9. Pour rejeter les demandes d'indemnisation des requérants, l'arrêt retient que, si l'existence d'un lien de causalité juridique peut être considéré comme établi au regard des critères dégagés par la jurisprudence à savoir, le délai bref d'apparition entre l'absorption des produits et l'apparition des effets secondaires, la concordance entre l'arrêt des troubles et l'arrêt du traitement, le nombre de personnes concernées, l'absence d'erreur de prescription, l'absence de prédisposition du patient à ce syndrome ou l'absence d'une association avec d'autres médicaments, il doit au préalable être recherché si le lien de causalité est scientifiquement établi avant de déterminer l'existence d'un lien de causalité juridique et que même si dès la mise sur le marché du Levothyrox NF le signalement d'effets indésirables par les utilisateurs a connu une augmentation significative, il n'est pour autant pas scientifiquement rapporté la preuve d'un lien entre le produit et les dommages invoqués.

10. En statuant ainsi, la cour d'appel, qui a exigé qu'il soit scientifiquement démontré que le dommage était imputable au produit et a écarté la preuve par présomptions, a violé le texte susvisé.

Portée et conséquences de la cassation

11. En application de l'article 624 du code de procédure civile, la cassation des chefs de dispositif de l'arrêt qui rejette la demande d'indemnisation au titre des préjudices moral et corporel entraîne la cassation du chef de dispositif qui rejette la demande d'expertise chimique qui s'y rattache par un lien de dépendance nécessaire.

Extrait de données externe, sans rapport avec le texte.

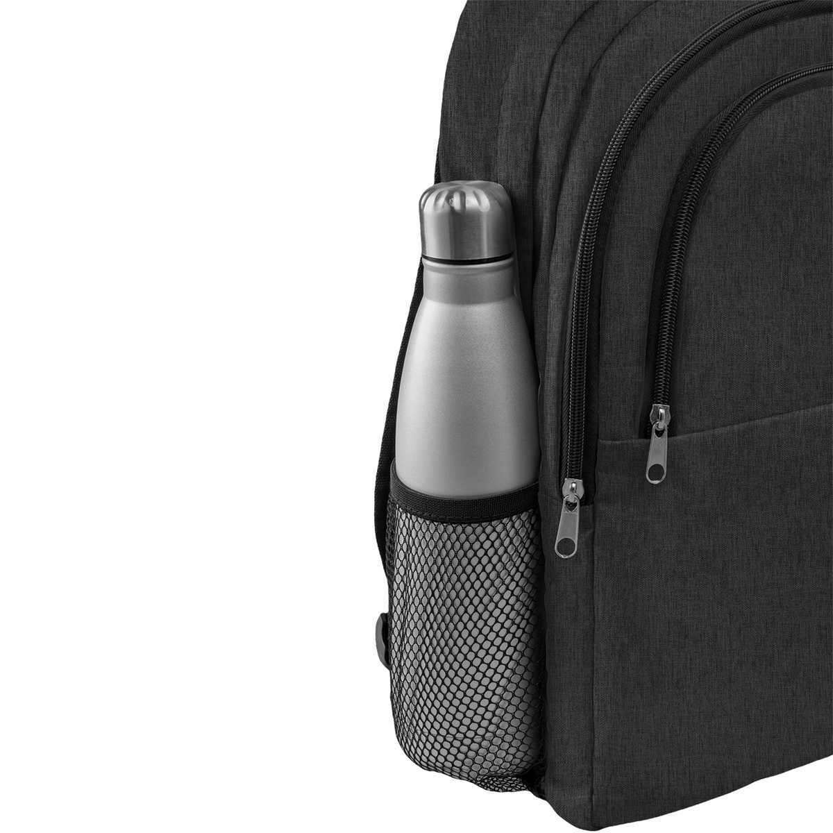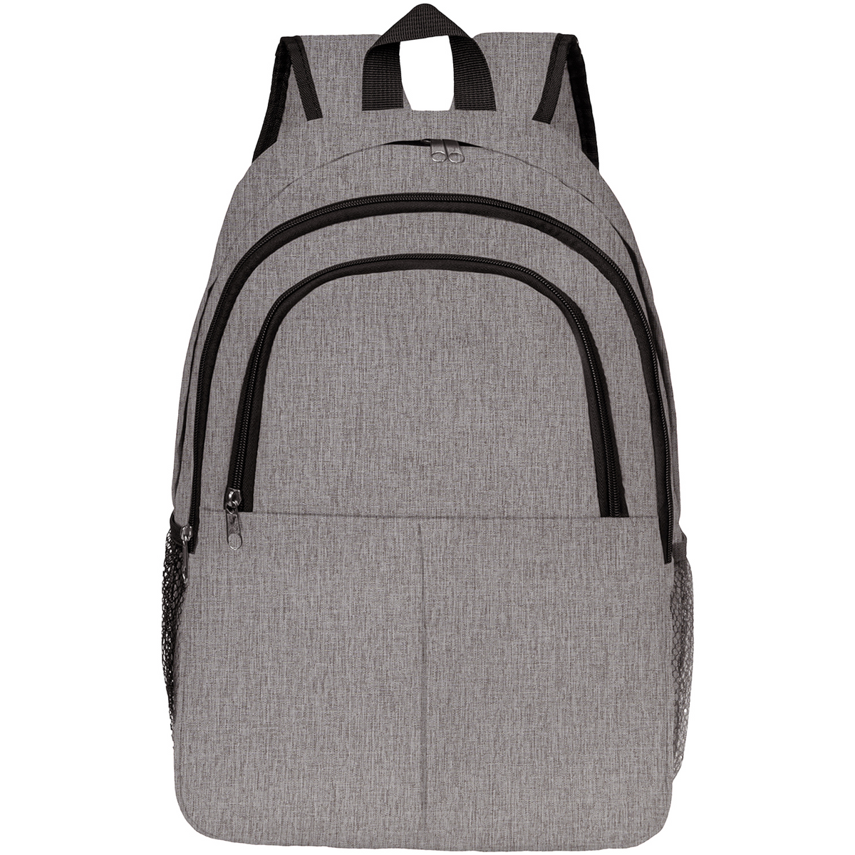 Designed for professionals and students, this Heather Lite laptop backpack combines functionality with sleek minimalism. The water-resistant PU-coated fabric protects your belongings while maintaining a lightweight profile. Its intelligently designed interior features a secure double-zippered compartment for 15" laptops, complemented by multiple organizational pockets - including a secondary pocket for documents and a front pocket for quick-access essentials. Practical side mesh pockets accommodate water bottles or umbrellas, while the braided belt top handle offers both durability and sophisticated styling. Measuring 16"×11"×3.5", this backpack is ideal for daily commutes, business travel, or campus life. Custom branding options make it perfect for corporate gifts or promotional items. The clean solid-color design ensures professional appropriateness for any setting.

PAR CES MOTIFS, et sans qu'il y ait lieu de statuer sur les autres griefs, la Cour :

CASSE ET ANNULE, mais seulement en ce qu'il rejette les demandes d'indemnisation au titre des préjudice moral et corporel subis, l'arrêt rendu le 30 mai 2023, entre les parties, par la cour d'appel de Montpellier ;

Remet l'affaire et les parties dans l'état où elles se trouvaient avant cet arrêt et les renvoie devant la cour d'appel d'Aix-en-Provence ;

Condamne la société Merck santé aux dépens ;

En application de l'article 700 du code de procédure civile, condamne la société Merck santé à payer à Mmes [Z], [UZ], [D], [K], [ZE], M. [FR], Mmes [EC], [FM], [PH], [JS], [V], [IP], [WN], M. [XP], Mmes [CS], [LO], M. [YC], Mmes [FI], [LT], [UR], [HN], [BL], [Y], [N], [WB], [ZM], [U], [L], [PP], [PY], [TK], [UV], [GT], [EO], [DY], [X], [SM], [EK], [TT], [R],

[SE], [H], [G], [IL], [MZ] et [LC] chacune la somme de 100 euros ;

Dit que sur les diligences du procureur général près la Cour de cassation, le présent arrêt sera transmis pour être transcrit en marge ou à la suite de l'arrêt partiellement cassé ;

Ainsi fait et jugé par la Cour de cassation, première chambre civile, et prononcé par le président en son audience publique du quatorze novembre deux mille vingt-quatre.